Certified Defense Against Cross-Modal Attacks in Multimodal LLMs via Semantic-Perceptual Abstractions
Abstract: Multimodal large language models (MLLMs) have revolutionized AI by enabling seamless
integration of vision and language understanding across diverse applications, from visual
question answering to image captioning. However, their cross-modal architecture introduces unique vulnerabilities to adversarial perturbations that exploit both text and image
modalities simultaneously. While existing defense mechanisms rely on empirical robustness through adversarial training, they lack formal guarantees against sophisticated crossmodal attacks. This paper introduces a novel certified defense framework based on hybrid
polytope-zonotope abstractions that provides provable robustness guarantees for MLLMs.

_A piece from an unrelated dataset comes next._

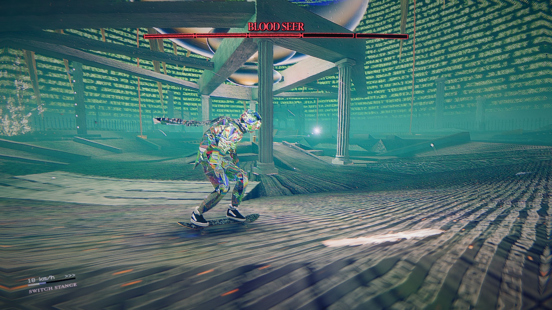 Однако это не значит, что ездить скучно. В Skate Story чередуются три типа геймплея: покатушки на открытых локациях, линейные заезды с препятствиями и сражения с боссами. Больше всего времени тратишь на первый тип — именно на просторных площадках происходят основные сюжетные события. За участие во второстепенных развлечениях получаешь души, которые можно обменивать в сувенирных лавках на новые колёса, раскраски для скейтборда и прочую «косметику». Так что прыгаешь над зловонными люками, ревёртом срезаешь душецветы, вращением — длинные побеги, пробивающие асфальт… А также участвуешь в испытаниях, ищешь коллекционные предметы (включая стикеры для доски) и общаешься со странными персонажами, например со страдающими скелетами.
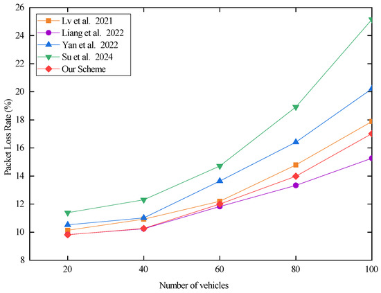 The packet loss rate for different traffic volumes in the V2I authentication phase. Lv et al. proposed the scheme in [29], Liang et al. proposed the scheme in [30], Yan et al. proposed the scheme in [31], and Su et al. proposed the scheme in [32].

Our approach unifies discrete text perturbations with continuous image perturbations within
a single mathematical framework Extensive evaluation on VQA v2.0 and Flickr30k across
MLLMS demonstrates 88.5% clean accuracy with 76.4–81.2% certified accuracy under large
perturbations, outperforming state-of-the-art baselines by 8.3% in certification rate and
6.7% in joint attack defense.This work establishes the first comprehensive certified defense
for MLLMs, advancing trustworthy multimodal AI systems.
Submission Type: Regular submission (no more than 12 pages of main content)
Previous TMLR Submission Url: https://openreview.net/forum?id=jYEojAfK0m
Changes Since Last Submission: The format is updated to the latest version.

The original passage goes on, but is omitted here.